Sanchez Energy Announces Placement of $225 Million Private Offering of Previously Announced 6.50% Cumulative Perpetual Convertible Preferred Stock, Series B
HOUSTON, March 19, 2013 /PRNewswire/ -- Sanchez Energy Corporation (NYSE: SN) announced today that it has placed a total of 4,500,000 shares of its previously announced offering of its 6.50% Cumulative Perpetual Convertible Preferred Stock, Series B, in a private offering to eligible purchasers. Aggregate net proceeds from this offering are expected to be approximately $217 million after deducting placement agent's fees and estimated offering expenses. As previously announced, Sanchez Energy intends to use the net proceeds from this offering to fund a portion of the purchase price for a previously announced acquisition of certain assets in the Eagle Ford Shale. Closing of the private placement is expected to occur on or about March 26, 2013, and will be subject to the satisfaction of various customary closing conditions.

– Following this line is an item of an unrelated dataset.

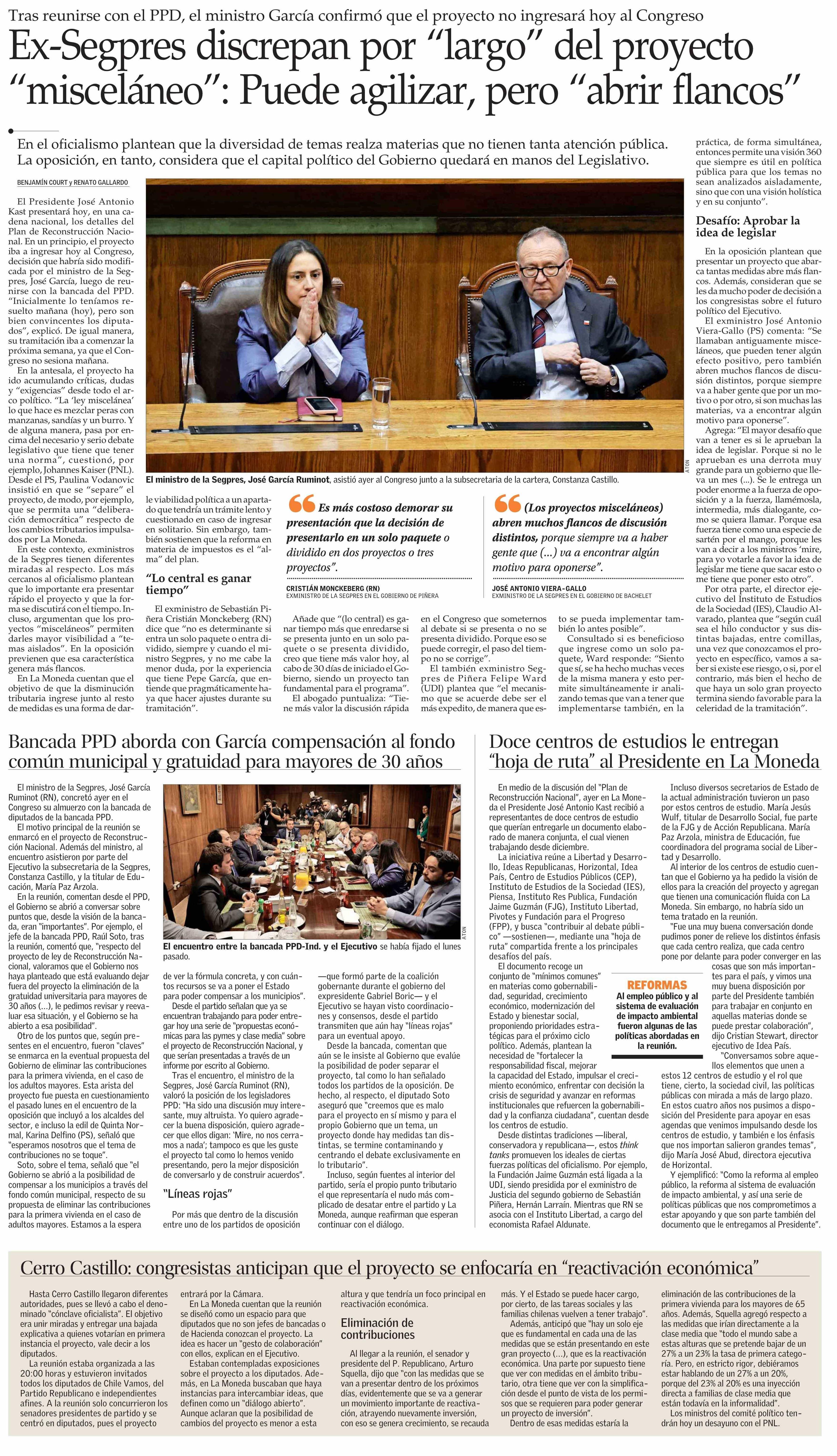 Ex-Segpres discrepan por “largo” del proyecto “misceláneo”: Puede agilizar, pero “abrir flancos” 15-04-2026 El Mercurio |

The securities (including the convertible preferred stock, the shares of common stock into which the convertible preferred stock is convertible and the dividends payable on the convertible preferred stock in shares of common stock, if any) have not been registered under the Securities Act of 1933, as amended (the "Securities Act"), or any state securities laws, and unless so registered, may not be offered or sold in the United States except pursuant to an exemption from, or in a transaction not subject to, the registration requirements of the Securities Act and applicable state securities laws. The Company plans to offer and issue the convertible preferred stock only to qualified institutional buyers as defined in Rule 144A of the Securities Act that are also accredited investors as defined in Regulation D of the Securities Act.
This press release does not constitute an offer to sell or a solicitation of an offer to buy any securities, nor shall there be any sale of these securities in any state or jurisdiction in which such an offer, solicitation or sale would be unlawful prior to registration or qualification under the securities laws of any such jurisdiction.